If you think there’s a possibility your now ex-friend won’t respect your need for space, it might be a good idea to block their number so they can’t text or call you. You can also block them over e-mail or G-chat, or make yourself “invisible” to them on online chat programs.
Mute them on social media
Speaking of peripheral friendship, a great way to extend the amount of time it takes to get over a friend breakup is to regularly watch their Instagram stories. As Verdolin puts it, “Social media makes it really difficult to get good endings of relationships of all kinds.” Like with a romantic breakup, when you end a friendship, you don’t want to know who your friend is hanging out with or what they’re doing all the time or be fed more of the terrible political ramblings that prompted you to end the relationship in the first place.
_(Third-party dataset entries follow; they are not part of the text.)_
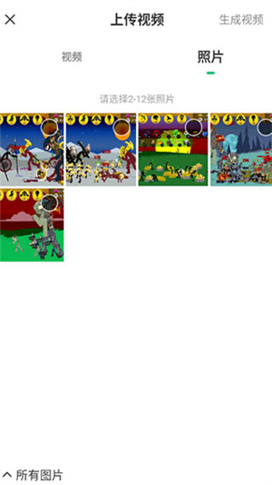 3、当选择合适的素材后,你就可以用照片或者视频来制作,然后点击生成视频。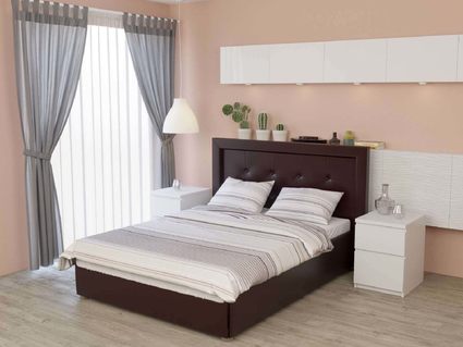 Кровать комплектуется основанием (буковая или металлокаркассная рама) с подъемным механизмом, под которым находится вместительный бельевой ящик для хранения сезонных вещей и постельных принадлежностей.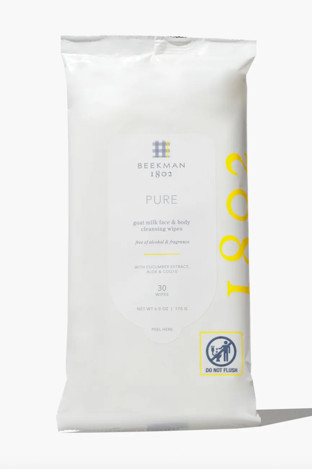 Get ooh la la clean! With a pack of our goat milk wipes in your purse, gym bag, car (or wherever), you can freshen up anytime! Enriched with goat milk, cucumber, aloe, and CoQ10, a fancy name for a natural antioxidant, these fragrance-free wipes are sure to be the ultimate refresher. Wipes come in a 30 count.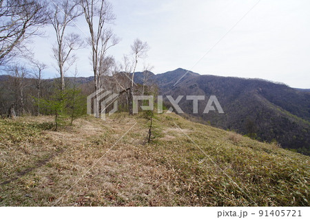 群馬県 郡界尾根から登るアカヤシオ咲く後袈裟丸山 八重樺原付近の高原 2022年5月6日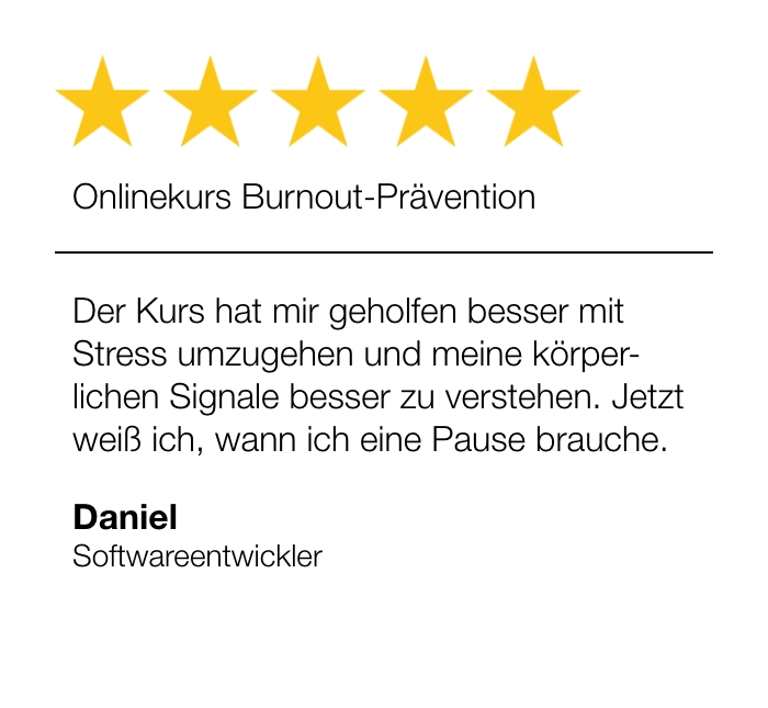 Unser Burnout-Präventionskurs wurde in enger Zusammenarbeit mit führenden Experten aus Arbeitsmedizin, Psychologie und Stressforschung entwickelt. Ihr Wissen und ihre Erfahrung sind in jedes Modul eingeflossen, sodass du fundierte Methoden zur Stressbewältigung, Resilienzstärkung und mentalen Erholung erhältst.✅

Unfollow or mute them on Twitter, mute them or unfriend them on Facebook, and mute them or unfollow them on Instagram. It may feel extreme to remove them from your life so completely, but it gives you way more room to move on.
Allow yourself to grieve
It is a real loss to end a friendship. No matter how draining the relationship may have been at its worst, when you let a friend go, you lose a whole part of you. And so, though it will certainly feel empowering to drop something that started to feel toxic, it will also make you sad. That is fine and normal, and you should let yourself feel the sadness, instead of writing it off. It’s unfortunate that society gives a lot of attention and weight to the end of romantic relationships and not nearly enough to the ends of friendships, but the latter can be equally painful.
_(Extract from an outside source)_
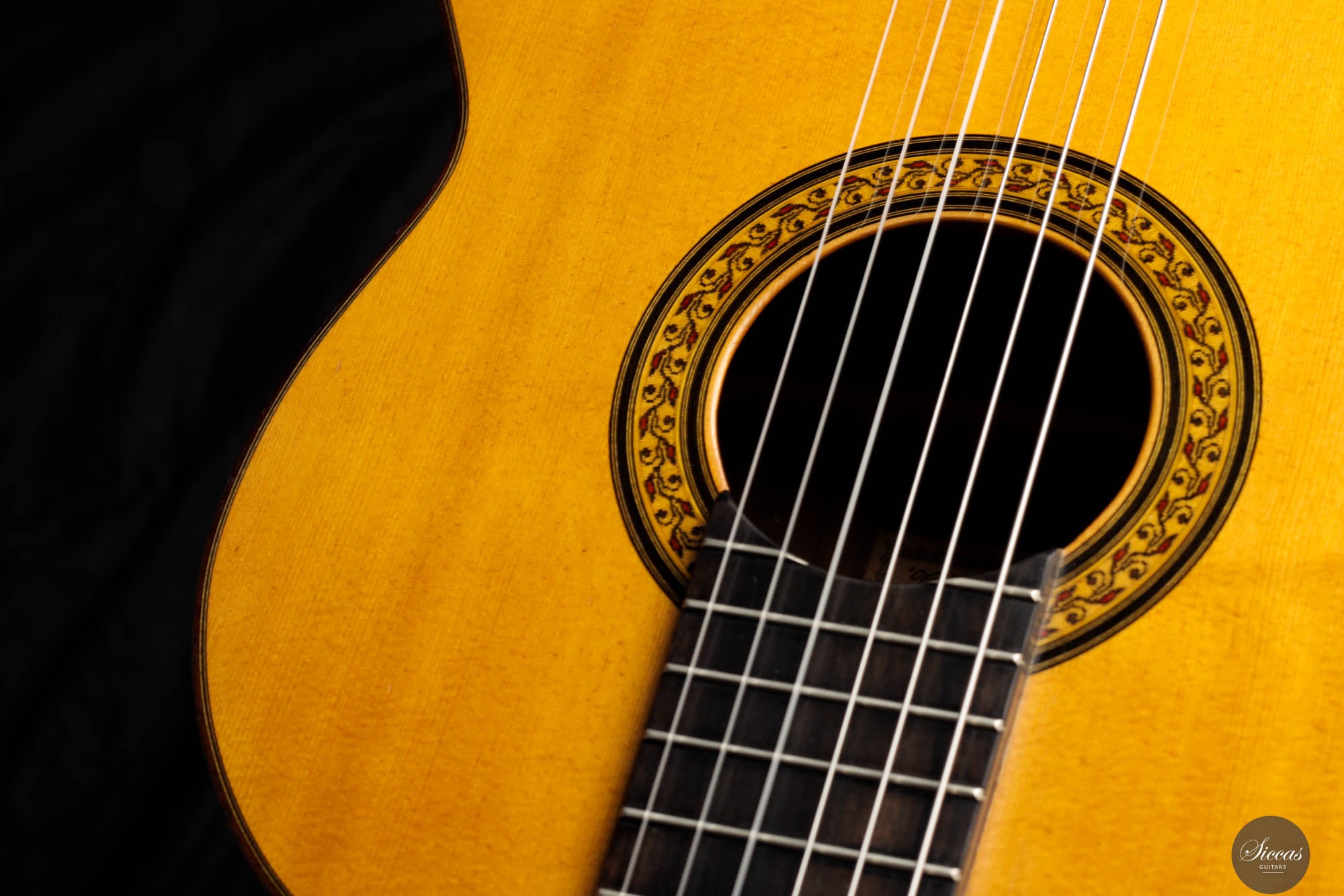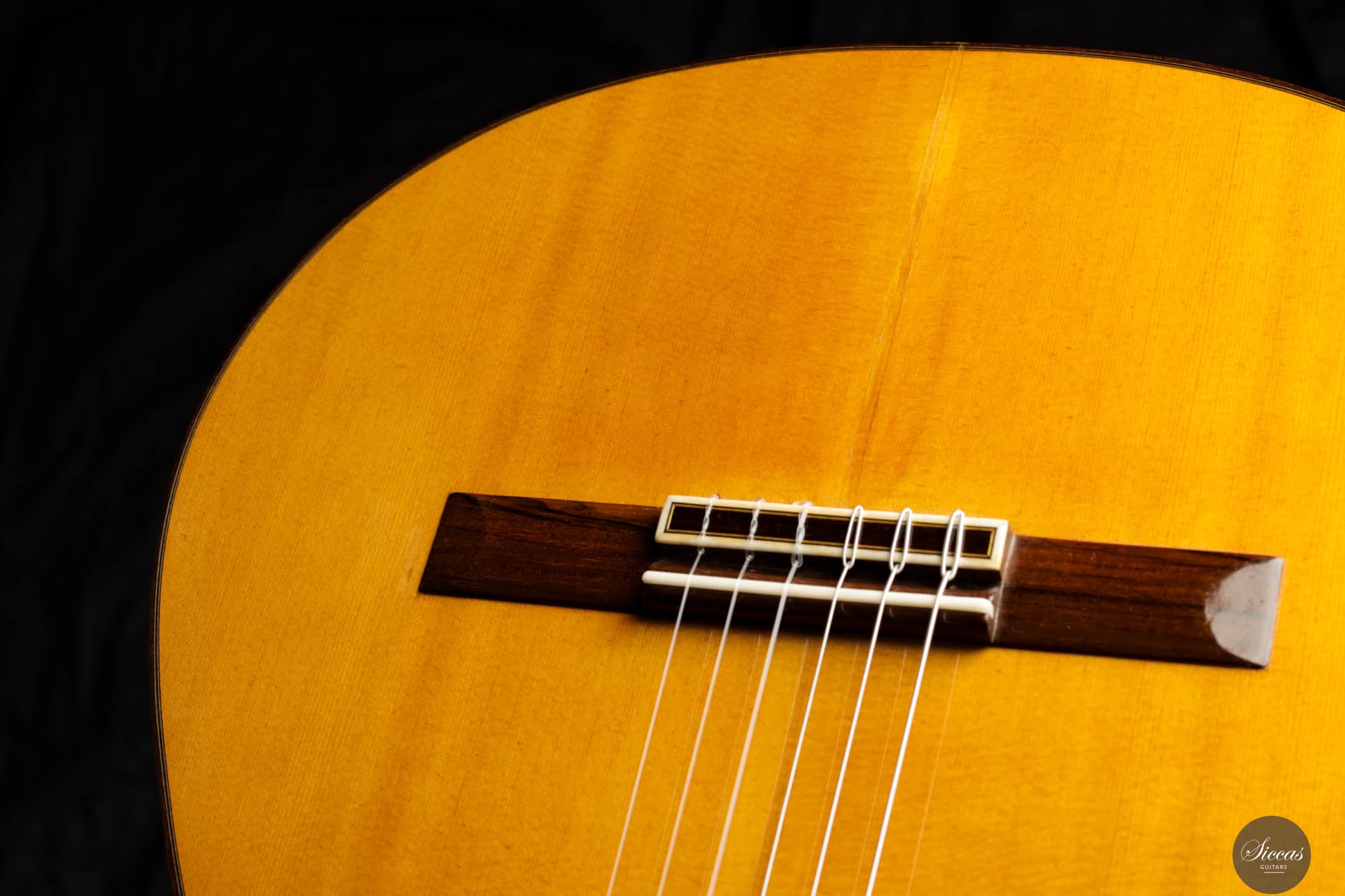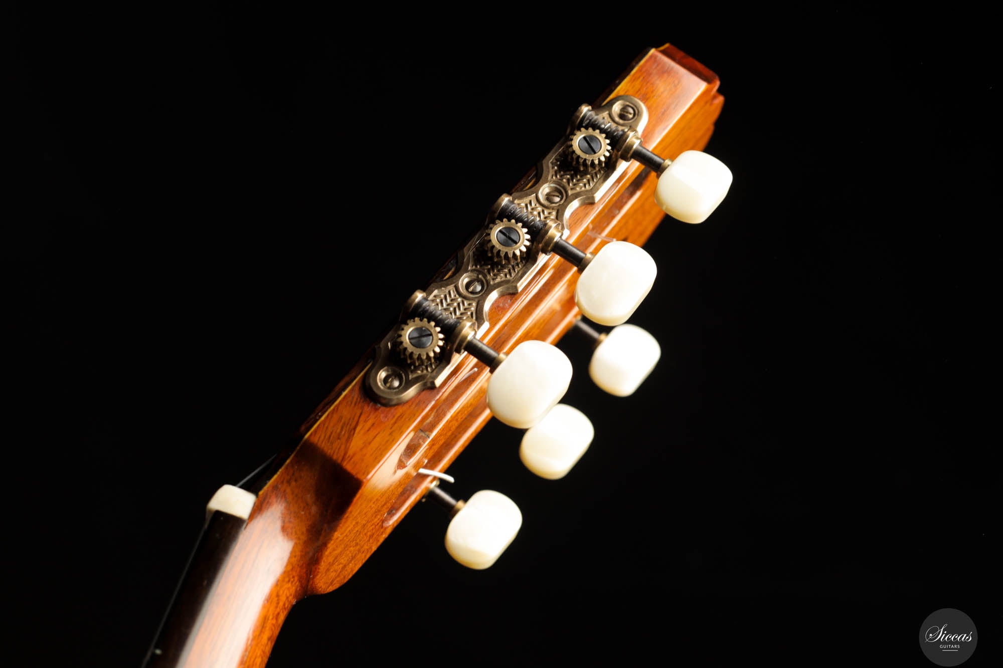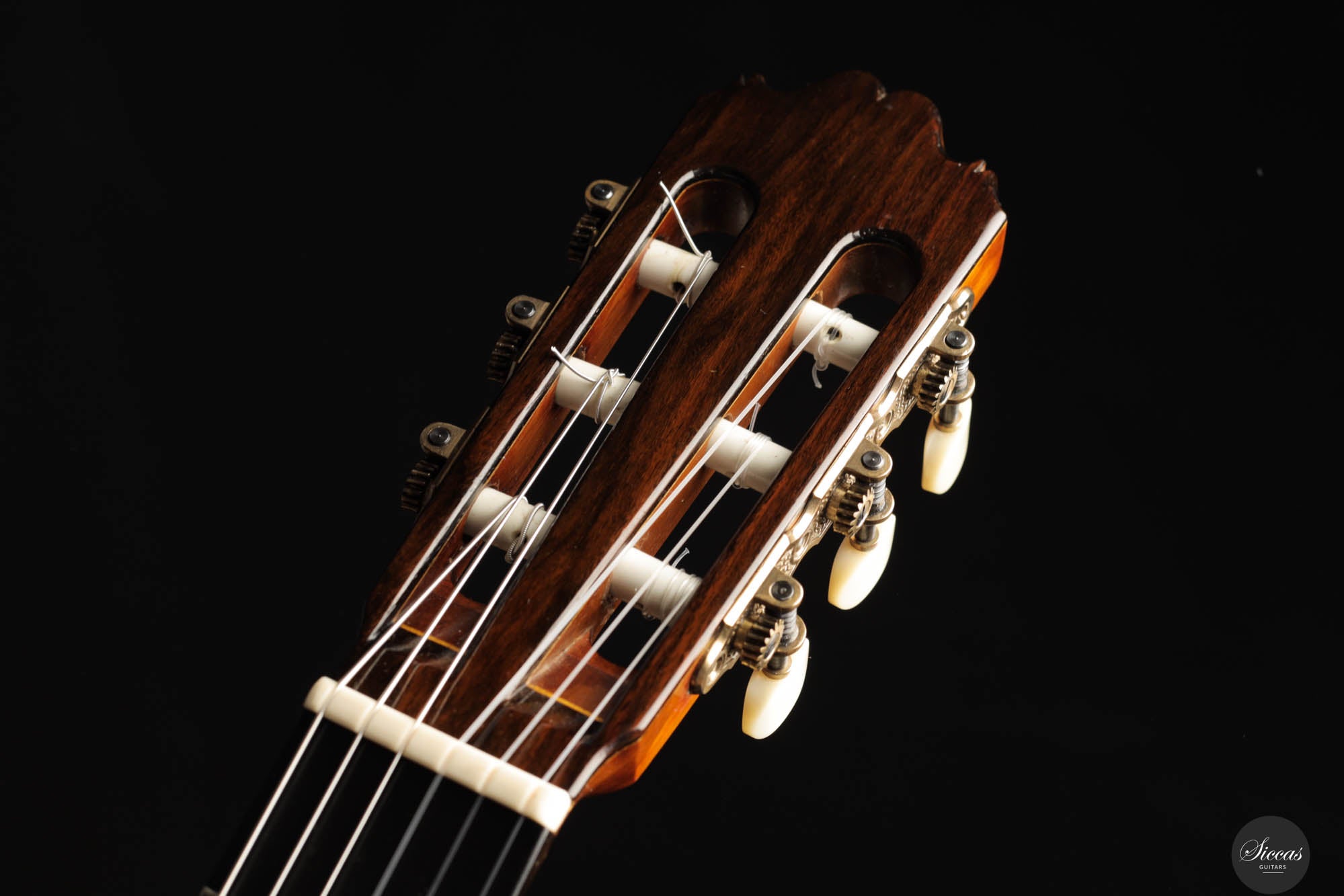 Trotz ihres größeren Halses und der langen Mensur bietet diese Rubio-Gitarre ein wunderschön glattes und elegantes Spielerlebnis. Die akribisch gefertigte Halsform trägt erheblich zur Bespielbarkeit bei und ermöglicht Komfort und Leichtigkeit, auch in komplexeren Stücken. Diese Gitarre ist nicht nur ein Instrument, sondern ein Zeugnis für Rubios meisterhaftes Design und seine Bauweisen. Ihre Präsenz im Buch "The Classical Guitar - A Complete History", abgebildet auf den Seiten 52-54, unterstreicht weiter ihren Status als bemerkenswertes Beispiel für hochwertiges Handwerk. Durch unsere Hände gegangen, repräsentiert diese Rubio-Gitarre eine seltene Gelegenheit, ein Stück der Geschichte der klassischen Gitarre zu besitzen, das sowohl einen reichen, resonanten Klang bietet als auch eine Verbindung zum Vermächtnis eines der großen Luthiers des zwanzigsten Jahrhunderts.

“Ending relationships is very hard,” Verdolin says. “Depending on the previous strength of that friendship, we go through a grief process.”
Some ways to move through that grief process include journaling, immersing yourself in activities and hobbies you love or used to love, and finding new social groups that fit you better than whatever relationship you had with your now ex-friend. “We all have friends for a reason or for a season and then when the season or the reason changes you can move on and drift apart and there’s really no harm, no foul,” O’Connor says. And if your ended friendship was strong enough to start with—and the breakup mutually respectful and clean—it is always possible you can reconcile when both parties are ready.